══ EXTRACTED INFORMATION

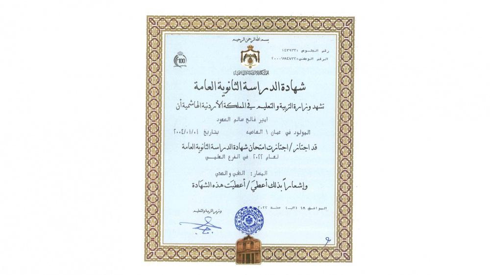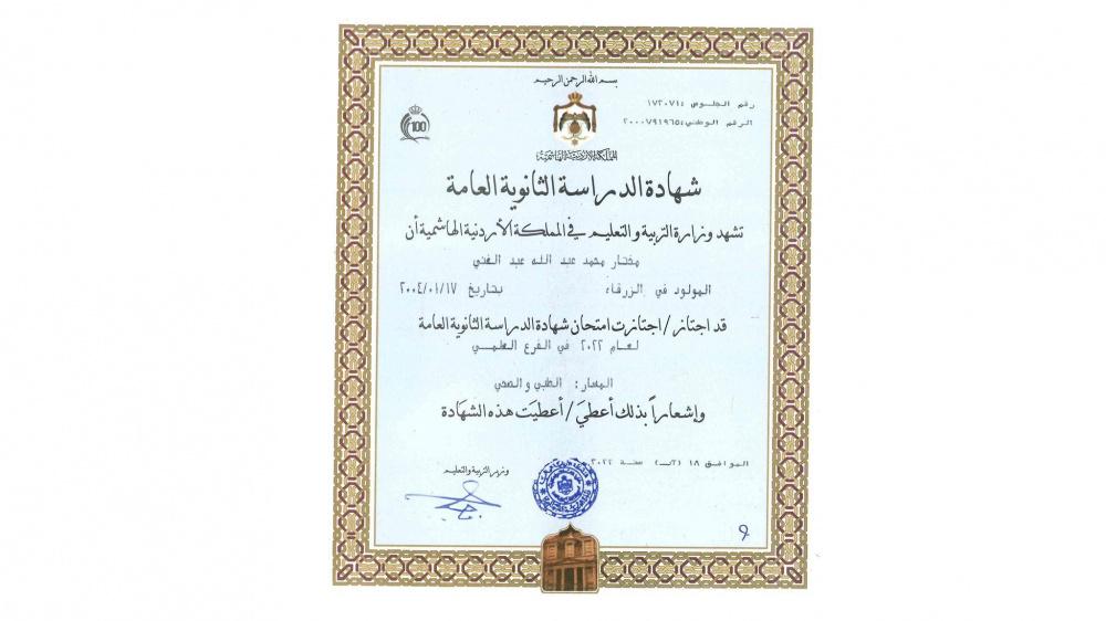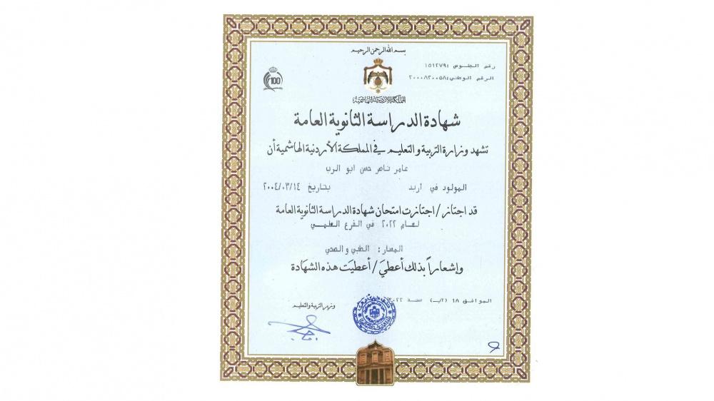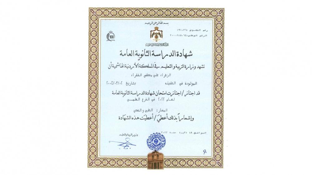 أسماء أوائل الثانوية العامة التوجيهي 2022 في الأردن
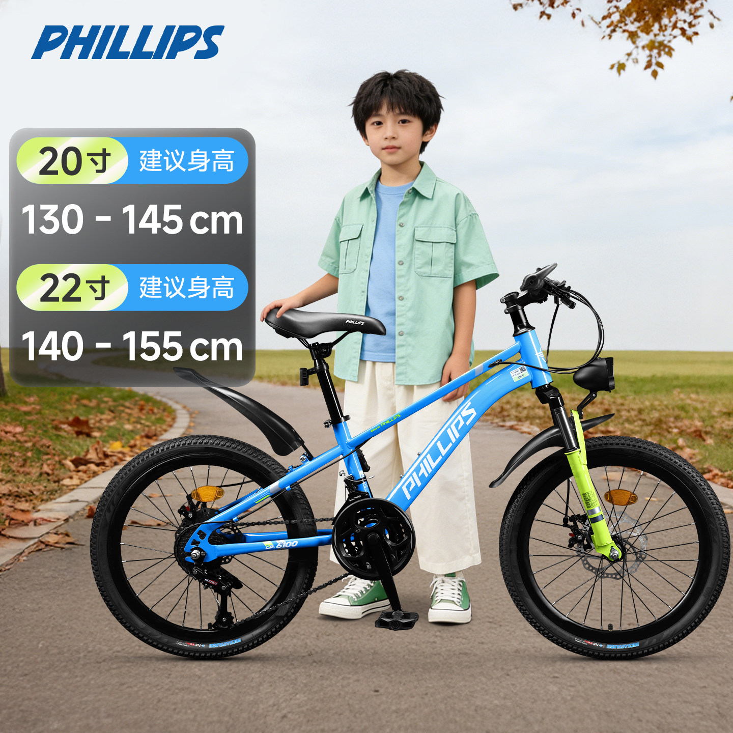 菲利普儿童自行车男女孩6-12岁中大童单车青少年小学生变速山地车
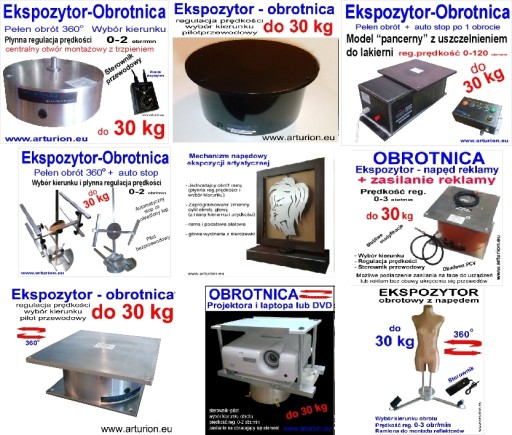 WYKONUJEMY I WYSTAWIAMY NA ALLEGRO URZĄDZENIA NA ZAMÓWIENIE np ekspozytory - obrotnice z napędem,o obciążeniu do 5, 8, 12, 20, 30, 60, 120, 150, 200 , 300 kg i większe, dowolne kształty, prędkości,wymiary, kolory, dodatkowe funkcje, wersje z niepełnym obrotem - ruch wahadłowy, funkcją zatrzymania co np 10 stopni, złącza umożliwiające podłączenie do sieci 230 v lub 12 v obracające się urządzenie bez obawy ukręcenia przewodów, mechanizmy napędu dużych reklam, mechanizmy zarówno obrotowe jak i liniowe a także mini wyciągarki reklamowe podnoszące reklamy nad wystawą, obrotnice wiszące-sufitowe, sterowniki czasowe, czujniki ruchu, piloty bezprzewodowe,mechanizmy ożywiające witryny sklepowe i wystawowe.
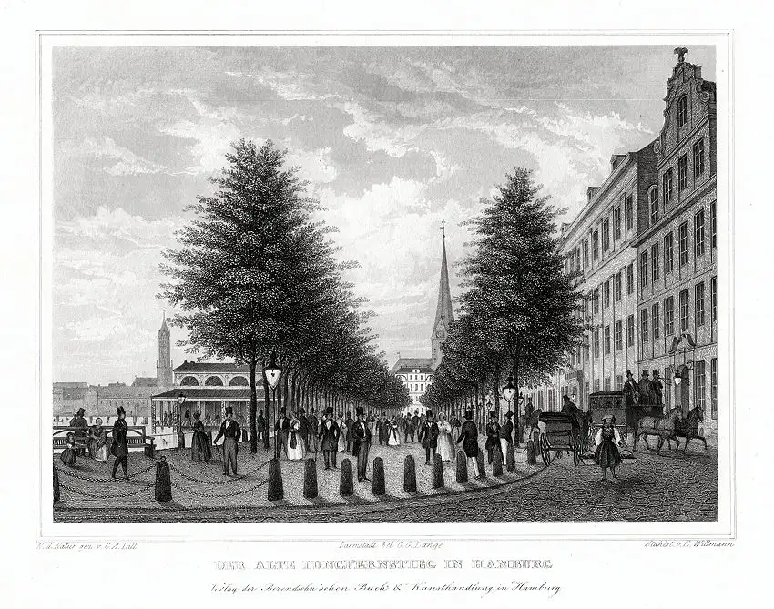 Hamburg - Der alte Jungfernstieg. Originaler Stahlstich von Willmann um 1850
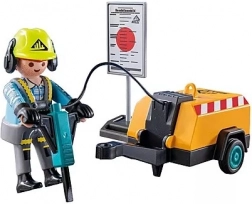 Head to the construction site with PLAYMOBIL ACTION HEROES – construction worker with jackhammer. The figure with a removable helmet and gloves can handle any road repair: a jackhammer connected to a compressor by a realistic silicone hose, a trailer with a tow hook for easy transport, and warning signage for safe work.
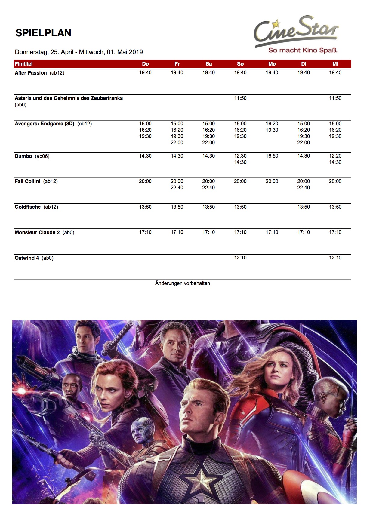 Das aktuelle Kinoprogramm des CineStar Waren mit dem Neustart: „Avengers Endgame“ 3D
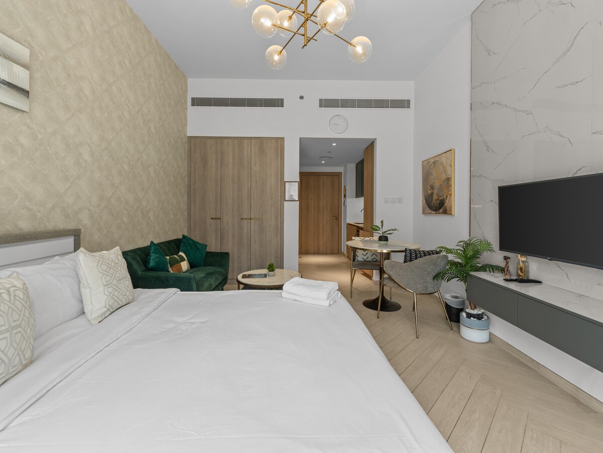Ви будете гостювати в чудовій студії в Дубай Студіо Сіті, де поруч є всі види ресторанів, кафе, супермаркетів та дитячий майданчик. Торговий центр First Avenue Mall знаходиться всього за 5 хвилин їзди, У квартирі є все необхідне для короткого або тривалого перебування, зокрема повністю обладнана кухня, ванна кімната з необхідними туалетними приналежностями та затишне ліжко розміру Queen size.
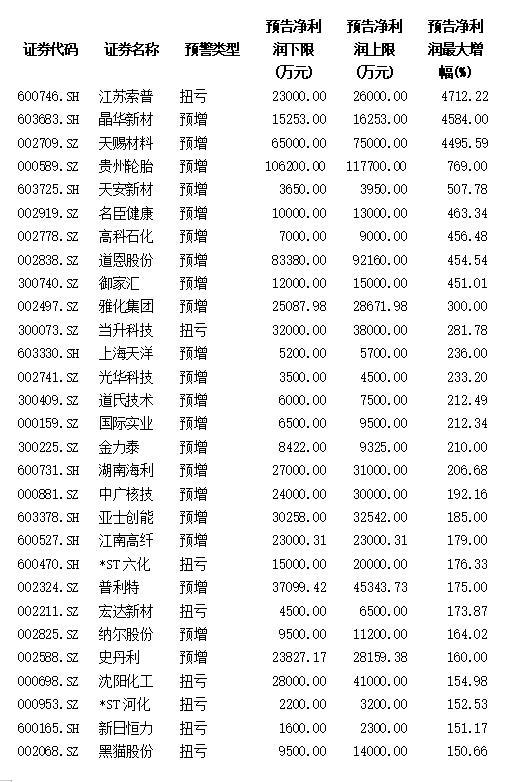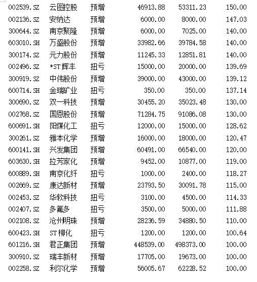 預(yù)告年報(bào)凈利同比翻番的化工類(lèi)上市公司

════

WORK ORDER: Write out all of the data above exactly, pictures excluded.

TASK RESPONSE:
 أسماء أوائل الثانوية العامة التوجيهي 2022 في الأردن
 菲利普儿童自行车男女孩6-12岁中大童单车青少年小学生变速山地车
 WYKONUJEMY I WYSTAWIAMY NA ALLEGRO URZĄDZENIA NA ZAMÓWIENIE np ekspozytory - obrotnice z napędem,o obciążeniu do 5, 8, 12, 20, 30, 60, 120, 150, 200 , 300 kg i większe, dowolne kształty, prędkości,wymiary, kolory, dodatkowe funkcje, wersje z niepełnym obrotem - ruch wahadłowy, funkcją zatrzymania co np 10 stopni, złącza umożliwiające podłączenie do sieci 230 v lub 12 v obracające się urządzenie bez obawy ukręcenia przewodów, mechanizmy napędu dużych reklam, mechanizmy zarówno obrotowe jak i liniowe a także mini wyciągarki reklamowe podnoszące reklamy nad wystawą, obrotnice wiszące-sufitowe, sterowniki czasowe, czujniki ruchu, piloty bezprzewodowe,mechanizmy ożywiające witryny sklepowe i wystawowe.
 Hamburg - Der alte Jungfernstieg. Originaler Stahlstich von Willmann um 1850
 Head to the construction site with PLAYMOBIL ACTION HEROES – construction worker with jackhammer. The figure with a removable helmet and gloves can handle any road repair: a jackhammer connected to a compressor by a realistic silicone hose, a trailer with a tow hook for easy transport, and warning signage for safe work.
 Das aktuelle Kinoprogramm des CineStar Waren mit dem Neustart: „Avengers Endgame“ 3D
Ви будете гостювати в чудовій студії в Дубай Студіо Сіті, де поруч є всі види ресторанів, кафе, супермаркетів та дитячий майданчик. Торговий центр First Avenue Mall знаходиться всього за 5 хвилин їзди, У квартирі є все необхідне для короткого або тривалого перебування, зокрема повністю обладнана кухня, ванна кімната з необхідними туалетними приналежностями та затишне ліжко розміру Queen size.
 預(yù)告年報(bào)凈利同比翻番的化工類(lèi)上市公司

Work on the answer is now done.